● YOUR TASK: Your copy of the entries below should hold exactly the lines from the one containing "Here's what you'll" to the one containing "ΔΩΔΕΚΑΝΗΣΙΑΚΟΣ ΣΥΛΛΟΓΟΣ ΓΟΝΕΩΝ", inclusive, and no pictures.
[DATA IN THIS EXERCISE — start]
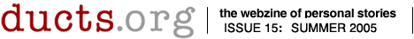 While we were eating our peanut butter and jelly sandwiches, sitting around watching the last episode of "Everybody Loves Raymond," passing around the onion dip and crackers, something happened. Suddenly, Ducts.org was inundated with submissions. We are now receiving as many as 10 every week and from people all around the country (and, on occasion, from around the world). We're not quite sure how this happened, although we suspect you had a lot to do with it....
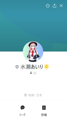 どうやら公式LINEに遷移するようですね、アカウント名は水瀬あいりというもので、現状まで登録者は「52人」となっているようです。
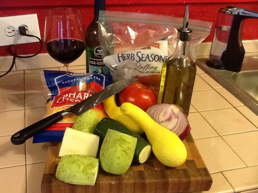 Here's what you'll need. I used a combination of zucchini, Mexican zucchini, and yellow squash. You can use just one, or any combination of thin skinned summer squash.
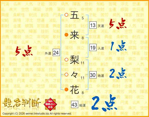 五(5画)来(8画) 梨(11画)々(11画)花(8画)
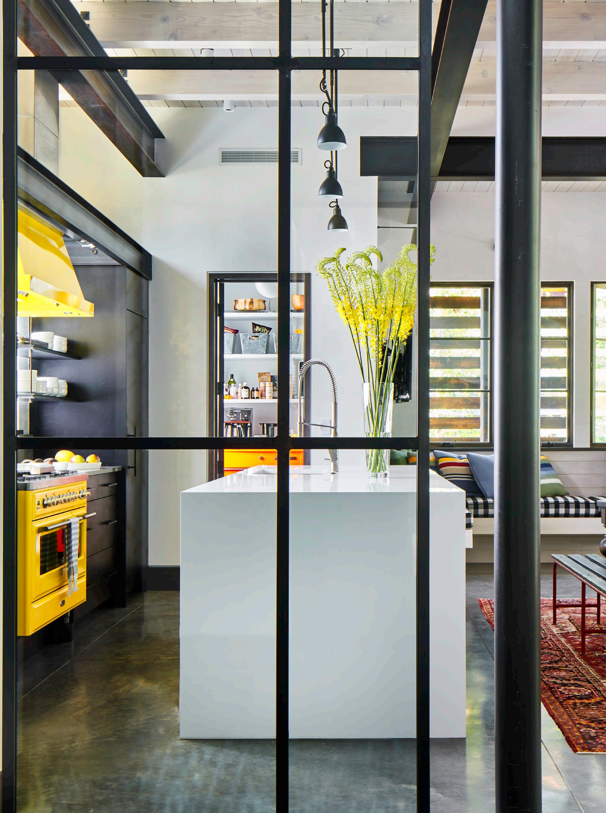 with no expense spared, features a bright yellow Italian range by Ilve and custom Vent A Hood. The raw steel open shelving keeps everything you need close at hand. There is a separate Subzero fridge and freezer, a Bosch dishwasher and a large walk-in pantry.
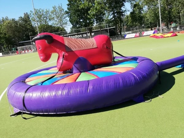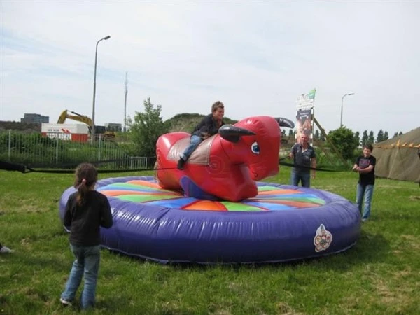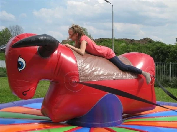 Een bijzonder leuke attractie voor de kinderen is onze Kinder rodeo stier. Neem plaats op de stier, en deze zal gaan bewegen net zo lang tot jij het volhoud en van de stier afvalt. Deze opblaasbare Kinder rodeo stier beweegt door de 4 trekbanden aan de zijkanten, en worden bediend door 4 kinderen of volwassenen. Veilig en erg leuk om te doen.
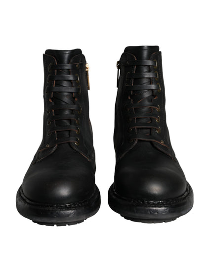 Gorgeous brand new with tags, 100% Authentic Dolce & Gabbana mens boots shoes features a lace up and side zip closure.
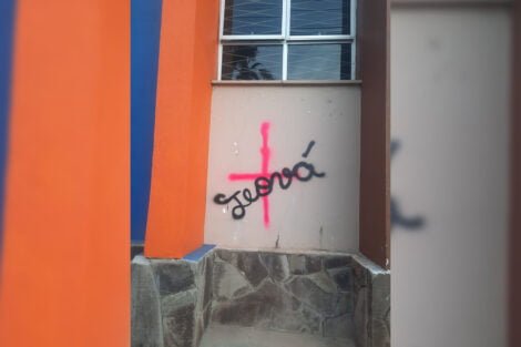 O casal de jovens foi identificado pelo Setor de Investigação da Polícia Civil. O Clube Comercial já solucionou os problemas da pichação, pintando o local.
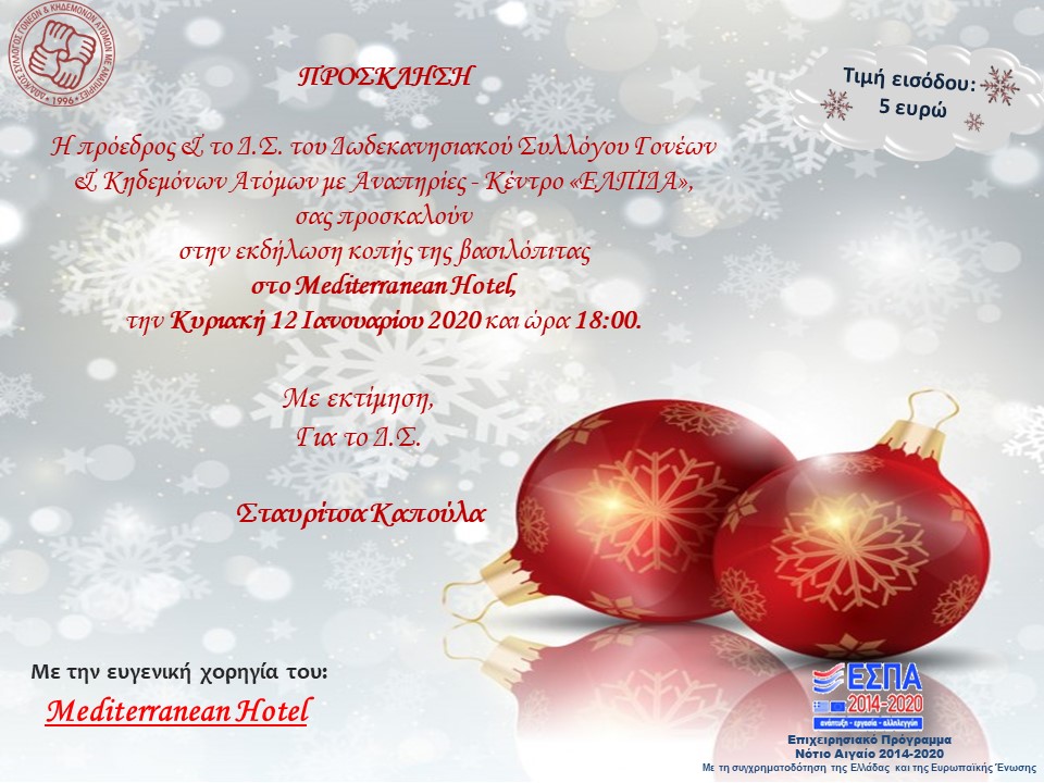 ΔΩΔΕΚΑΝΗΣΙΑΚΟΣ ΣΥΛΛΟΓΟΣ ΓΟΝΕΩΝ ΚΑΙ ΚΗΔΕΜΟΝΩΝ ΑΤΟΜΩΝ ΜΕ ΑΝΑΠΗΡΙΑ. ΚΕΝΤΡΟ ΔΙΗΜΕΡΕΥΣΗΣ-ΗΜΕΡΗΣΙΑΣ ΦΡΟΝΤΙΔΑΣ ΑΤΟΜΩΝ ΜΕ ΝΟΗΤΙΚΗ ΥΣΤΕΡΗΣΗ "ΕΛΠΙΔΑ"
[DATA IN THIS EXERCISE — finish]
[DATA IN THIS EXERCISE — start]
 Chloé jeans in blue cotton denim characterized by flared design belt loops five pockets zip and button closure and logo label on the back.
[DATA IN THIS EXERCISE — finish]
● OUTPUT FOR THIS EXERCISE:
 Here's what you'll need. I used a combination of zucchini, Mexican zucchini, and yellow squash. You can use just one, or any combination of thin skinned summer squash.
 五(5画)来(8画) 梨(11画)々(11画)花(8画)
 with no expense spared, features a bright yellow Italian range by Ilve and custom Vent A Hood. The raw steel open shelving keeps everything you need close at hand. There is a separate Subzero fridge and freezer, a Bosch dishwasher and a large walk-in pantry.
 Een bijzonder leuke attractie voor de kinderen is onze Kinder rodeo stier. Neem plaats op de stier, en deze zal gaan bewegen net zo lang tot jij het volhoud en van de stier afvalt. Deze opblaasbare Kinder rodeo stier beweegt door de 4 trekbanden aan de zijkanten, en worden bediend door 4 kinderen of volwassenen. Veilig en erg leuk om te doen.
 Gorgeous brand new with tags, 100% Authentic Dolce & Gabbana mens boots shoes features a lace up and side zip closure.
 O casal de jovens foi identificado pelo Setor de Investigação da Polícia Civil. O Clube Comercial já solucionou os problemas da pichação, pintando o local.
 ΔΩΔΕΚΑΝΗΣΙΑΚΟΣ ΣΥΛΛΟΓΟΣ ΓΟΝΕΩΝ ΚΑΙ ΚΗΔΕΜΟΝΩΝ ΑΤΟΜΩΝ ΜΕ ΑΝΑΠΗΡΙΑ. ΚΕΝΤΡΟ ΔΙΗΜΕΡΕΥΣΗΣ-ΗΜΕΡΗΣΙΑΣ ΦΡΟΝΤΙΔΑΣ ΑΤΟΜΩΝ ΜΕ ΝΟΗΤΙΚΗ ΥΣΤΕΡΗΣΗ "ΕΛΠΙΔΑ"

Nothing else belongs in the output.